Page 21 of The Hero

Edward’s eyes glittered with resentment. “So upset he halved my allowance until I had paid him back the amount in full.”

“And threatened to cut you off completely if it should ever happen again,” she reminded. “Edward, please tell me you have not incurred more debts?” she persisted.

He huffed. “Do not ‘Edward, please’ me when you are too stupid to encourage the interest of a man as wealthy as the Duke of Oxford.”

“And if his intentions are dishonorable?” Harry could not see them being anything else, considering who Gideon was and her own lack of social graces.

“What does that matter when, I am sure, for the few months you held his interest, Oxford would shower you with expensive gifts, such as jewelry, which you might sell once the affair is over?”

“After which my reputation would be in tatters,” she scoffed.

“You are unruly, ill-mannered, and too outspoken by far, so let us not fool ourselves into believing your marriage prospects were very high to begin with.” He scowled as he threw his napkin onto the tabletop. “And do not think for a single moment that I will be inviting my spinster sister to reside with me and my wife after Papa is gone.”

Harry’s eyes were wide at the sudden onslaught of this unprovoked personal attack. “Papa has a fever. He is not on death’s door. Nor, as far as I am aware, have you as yet found a woman willing put up with your disreputable self. Have you?” she added uncertainly when she saw how her brother’s jaw had tightened.

“I have…possibilities in mind.”

“Who?”

“Margaret Layton, for one.” He named the daughter of a local landowner close to the Dunhill estate in Gloucestershire, the family’s wealth having been accrued in the Indies.

“She is barely out of the schoolroom,” Harry rebuked.

“Which means she will be completely malleable and won’t interfere with my…other interests. Especially if she were to begin breeding immediately.”
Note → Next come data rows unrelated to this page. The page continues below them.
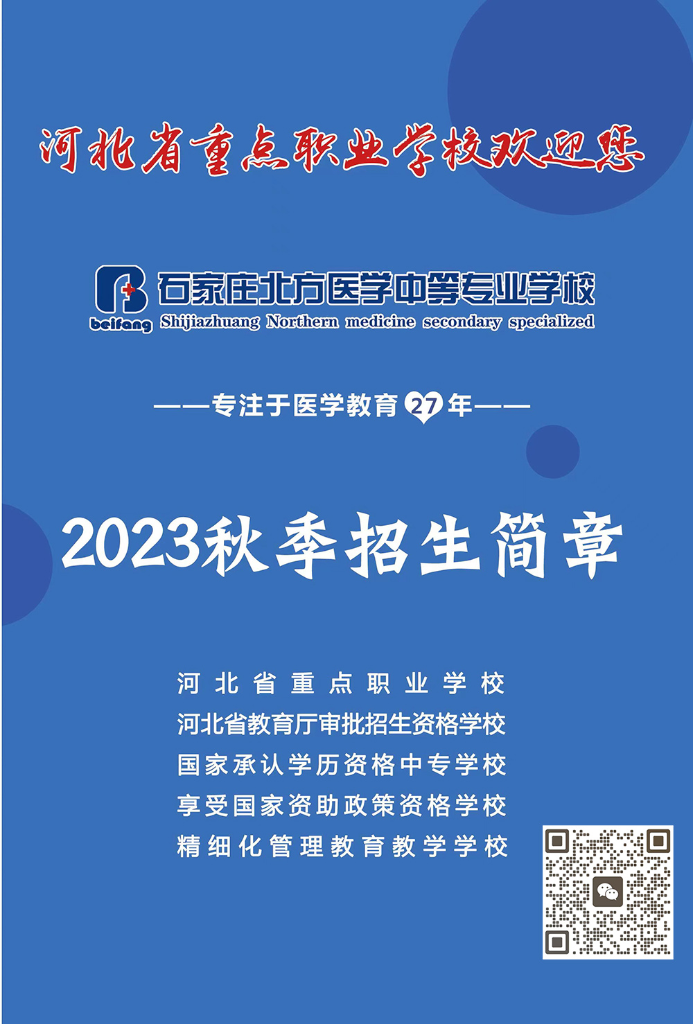 磁县初三毕业生:石家庄北方医学中专学校2023招生简章
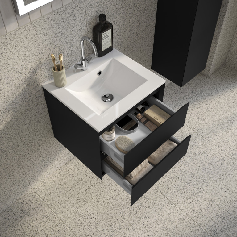 - Vernas 500mm two-drawer wall-hung vanity unit.
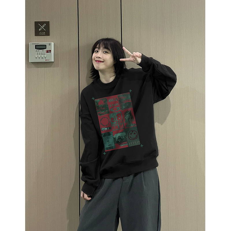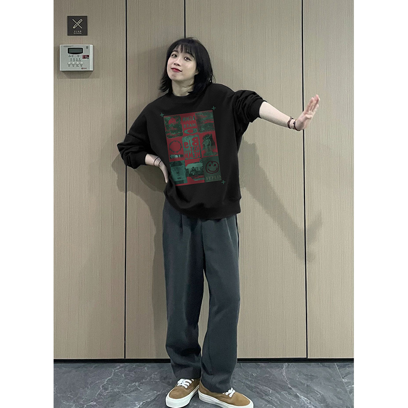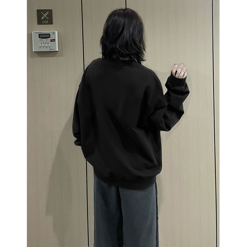 復古黑色圓領oversize衛衣女春秋2023新款加絨加厚小個子疊穿上衣
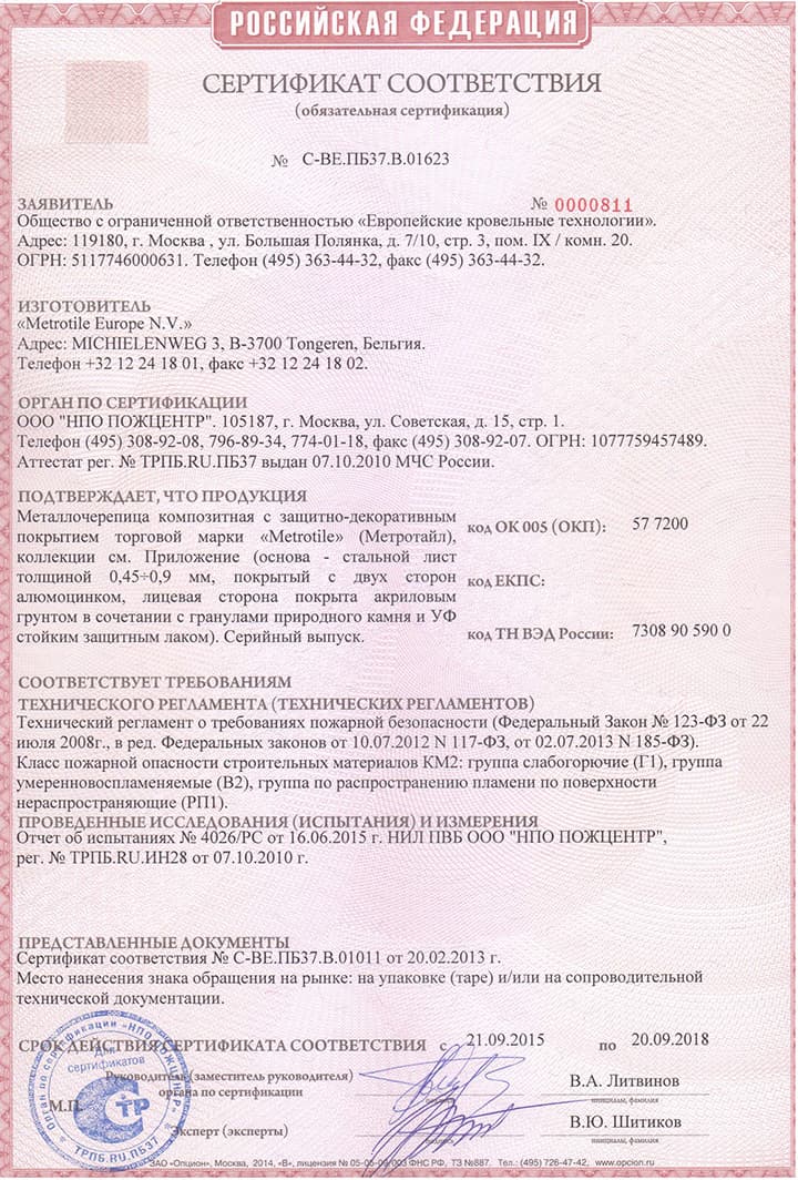 Сертификаты продукции

Harry wrinkled her nose. “That is a disgusting attitude to take toward your future wife.” Despite being three years older than Margaret, Harry was acquainted with her and knew her to be a very shy young lady. Taking a man as selfish and bombastic as Edward as her husband would utterly destroy her.

Edward grinned. “No one in Society marries for love, Harry.”

“Is there no one else who has taken your interest?” The thought of him offering for Margaret was completely unacceptable.

“Lady Clara Faulks—”

“According to our aunt, Lady Faulks is ten years your senior and has already buried two husbands in the past five years.” Lady Whiting was always full of the gossip of the ton when she returned from the London Season.

“But she is rich, my dear sister.” Edward smirked. “Very rich.”

“Are you that desperate for money you would marry a woman only for her fortune?” Could Gideon be right after all in his assertion that a desperate man could be pushed into taking desperate measures if his way of life was threatened?

Oh, she did not for a moment think that could be true of her father.

But she suspected Edward could be, in the right circumstances.

Their father might be mild-mannered, but he was also a man who never said what he did not mean. He had meant it when he told Edward that he had paid off his debts for the last time.

This conversation with Edward seemed to imply he had no scruples when it came to the way in which he acquired the money needed to continue with his habit of gambling and losing.

Admittedly, Edward had not been in the same regiment as Plymouth at Waterloo, but he had been present on the battlefield that day. Harry knew little about battlefields, but she imagined during the height of the fighting that it would be easy to seek out and slay another soldier with no one being the wiser. Indeed, she had heard that enlisted men had been known to do that to the officers they disliked.

The very thought of Edward involved in something so nefarious made Harry feel ill.

He shrugged. “If you made yourself more pleasant to Oxford, I would not need to do so.”

“Do not put solving the problem of paying your debts onto me,” she warned. “When I marry, if I marry, it will be for love.”

“Which is why you will never marry at all,” Edward sneered before striding from the room.

Harry had never been able to understand how she and Edward, brought up by the same two loving parents, were so totally unalike.